◆ **Problem**: The records below are to be set down again exactly, with the pictures left out.

◆ **Records drawn from a dataset**:
-- Opening Marker --

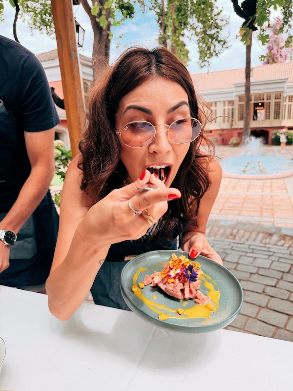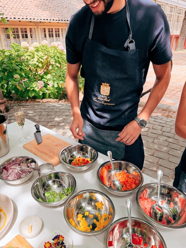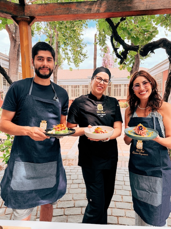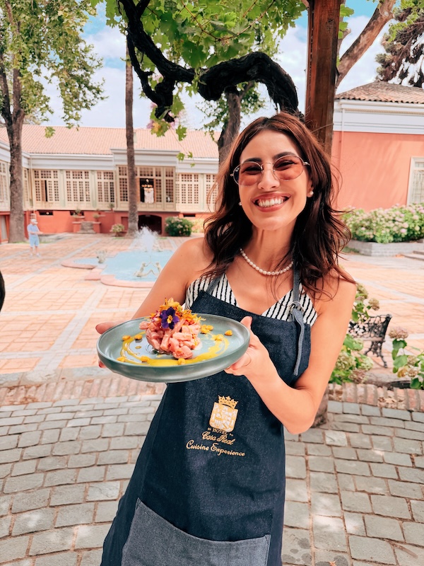 Durante nossa estadia, fizemos diferentes tipos de passeios, conhecemos as caves centenárias da Santa Rita, provamos os vinhos ícones da casa, além de experiências pensadas para serem vividas com tempo. Tivemos vinhos ao pôr do sol com alguns exemplares especiais da Vinícola Carmen que também faz parte do grupo da Vinícola Santa Rita e diversos rótulos da Santa Rita. Piquenique nos jardins, jantares harmonizados com vinhos premium e ultra premium, além de uma experiência gastronômica especial com uma aula exclusiva com a chef Karen Álvarez, onde aprendemos a preparar um ceviche enquanto conversávamos sobre o quão mágico e encantador é poder estar nesse local, e claro, com muito espumante Extra Brut da Viña Carmen.
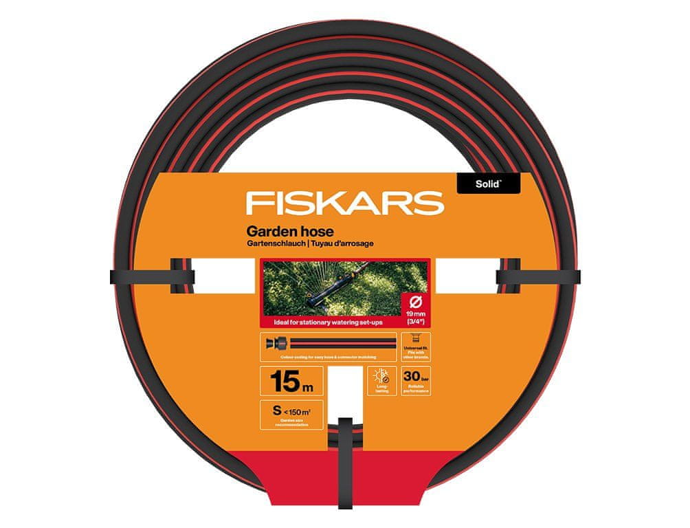 Fiskars SOLID. Z vzdrževanjem vodnega tlaka in pretoka zagotavlja največjo učinkovitost škropilnic in namakanja. Ima zanesljivo delovanje in dolgo življenjsko dobo ne glede na sezonsko uporabo. Barvno označevanje olajša izbiro hitrih priključkov. Univerzalni priključek je združljiv z drugimi blagovnimi znamkami. Dimenzije: premer 19 mm, 3/4 palca, dolžina 15 m. Številka dela Fiskars 1076061.
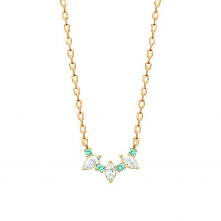 Deze halsketting, vervaardigd uit 18-karaats verguld goud , voegt een kostbare en verfijnde touch toe aan de hals. Het lichte en evenwichtige ontwerp maakt het een ideaal sieraad voor dagelijks gebruik, maar is tegelijkertijd elegant genoeg om een feestelijke outfit of een speciale gelegenheid compleet te maken.
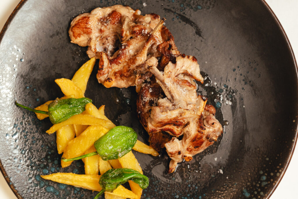 El chuletón de vaca a la parrilla es un homenaje a los carnívoros más exigentes. Su sabor intenso y jugoso, acompañado de patatas y pimientos del padrón, es una oda a los sabores tradicionales.
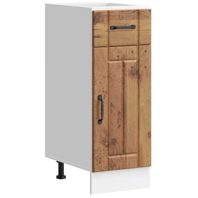 ManoManoGeneral description This kitchen base cabinet optimizes your kitchen space, providing ample storage for your personal belongings. The sink base cabinet offers sufficient space to store bowls, plates, pots, and other kitchen appliances, while practical doors help maintain a clean and organized space by concealing kitchen appliances and clutter. Technical specifications Colour: Old wood Material: Engineered wood Overall dimensions: 30 x 46 x 81.5 cm (W x D x H) Drawer dimensions: 30 x 46 x 16 cm (W x D x H) Cabinet dimensions: 30 x 46 x 54 cm (W x D x H) Maximum weight capacity: 60 kg Weight capacity per layer: 25 kg Range name: Lucca With adjustable feet The worktop is not included in the delivery Assembly required: Yes Installation To prevent tipping, this product must be used with the provided wall attachment device. Screw(s) and plug(s) for inside the wall are not included; seek and use suitable screw(s) and plug(s) for your walls. If uncertain, seek professional advice. Read and
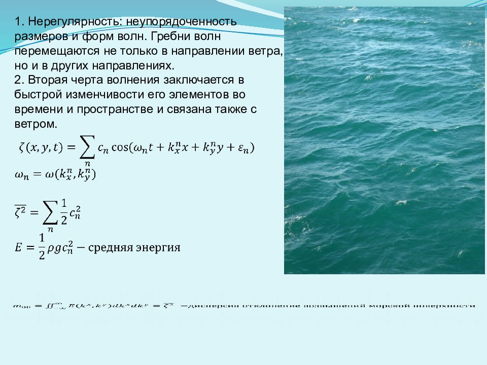 1. Нерегулярность: неупорядоченность размеров и форм волн. Гребни волн перемещаются не только в направлении ветра, но и в других направлениях. 2. Вторая черта волнения заключается в быстрой изменчивости его элементов во времени и пространстве и связана также с ветром.
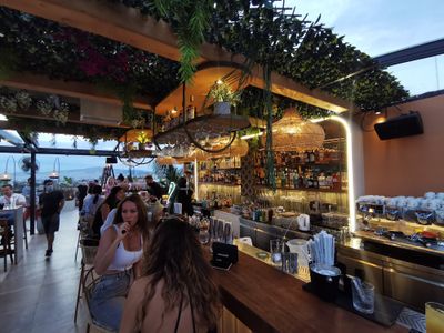 The restaurant is located on the rooftop level, requiring stairs or an elevator to reach the space. Visitors should expect open, breezy conditions and be prepared for exposure to sun and wind throughout the meal.
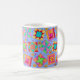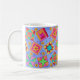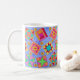 El arte quilt basado en el arte original presenta bloques de tejido patchwork favoritos y bloques únicos creados por Phyllis Dobbs con colores vibrantes y dinámicos colocados sobre un fondo perfilador. Muestra tu amor por el tejido con estos diseños mientras bebes tu bebida favorita en esta taza. Personalizable completo.

-- Closing Marker --

◆ **Completed exercise**:
 Durante nossa estadia, fizemos diferentes tipos de passeios, conhecemos as caves centenárias da Santa Rita, provamos os vinhos ícones da casa, além de experiências pensadas para serem vividas com tempo. Tivemos vinhos ao pôr do sol com alguns exemplares especiais da Vinícola Carmen que também faz parte do grupo da Vinícola Santa Rita e diversos rótulos da Santa Rita. Piquenique nos jardins, jantares harmonizados com vinhos premium e ultra premium, além de uma experiência gastronômica especial com uma aula exclusiva com a chef Karen Álvarez, onde aprendemos a preparar um ceviche enquanto conversávamos sobre o quão mágico e encantador é poder estar nesse local, e claro, com muito espumante Extra Brut da Viña Carmen.
 Fiskars SOLID. Z vzdrževanjem vodnega tlaka in pretoka zagotavlja največjo učinkovitost škropilnic in namakanja. Ima zanesljivo delovanje in dolgo življenjsko dobo ne glede na sezonsko uporabo. Barvno označevanje olajša izbiro hitrih priključkov. Univerzalni priključek je združljiv z drugimi blagovnimi znamkami. Dimenzije: premer 19 mm, 3/4 palca, dolžina 15 m. Številka dela Fiskars 1076061.
 Deze halsketting, vervaardigd uit 18-karaats verguld goud , voegt een kostbare en verfijnde touch toe aan de hals. Het lichte en evenwichtige ontwerp maakt het een ideaal sieraad voor dagelijks gebruik, maar is tegelijkertijd elegant genoeg om een feestelijke outfit of een speciale gelegenheid compleet te maken.
 El chuletón de vaca a la parrilla es un homenaje a los carnívoros más exigentes. Su sabor intenso y jugoso, acompañado de patatas y pimientos del padrón, es una oda a los sabores tradicionales.
 ManoManoGeneral description This kitchen base cabinet optimizes your kitchen space, providing ample storage for your personal belongings. The sink base cabinet offers sufficient space to store bowls, plates, pots, and other kitchen appliances, while practical doors help maintain a clean and organized space by concealing kitchen appliances and clutter. Technical specifications Colour: Old wood Material: Engineered wood Overall dimensions: 30 x 46 x 81.5 cm (W x D x H) Drawer dimensions: 30 x 46 x 16 cm (W x D x H) Cabinet dimensions: 30 x 46 x 54 cm (W x D x H) Maximum weight capacity: 60 kg Weight capacity per layer: 25 kg Range name: Lucca With adjustable feet The worktop is not included in the delivery Assembly required: Yes Installation To prevent tipping, this product must be used with the provided wall attachment device. Screw(s) and plug(s) for inside the wall are not included; seek and use suitable screw(s) and plug(s) for your walls. If uncertain, seek professional advice. Read and
 1. Нерегулярность: неупорядоченность размеров и форм волн. Гребни волн перемещаются не только в направлении ветра, но и в других направлениях. 2. Вторая черта волнения заключается в быстрой изменчивости его элементов во времени и пространстве и связана также с ветром.
 The restaurant is located on the rooftop level, requiring stairs or an elevator to reach the space. Visitors should expect open, breezy conditions and be prepared for exposure to sun and wind throughout the meal.
 El arte quilt basado en el arte original presenta bloques de tejido patchwork favoritos y bloques únicos creados por Phyllis Dobbs con colores vibrantes y dinámicos colocados sobre un fondo perfilador. Muestra tu amor por el tejido con estos diseños mientras bebes tu bebida favorita en esta taza. Personalizable completo.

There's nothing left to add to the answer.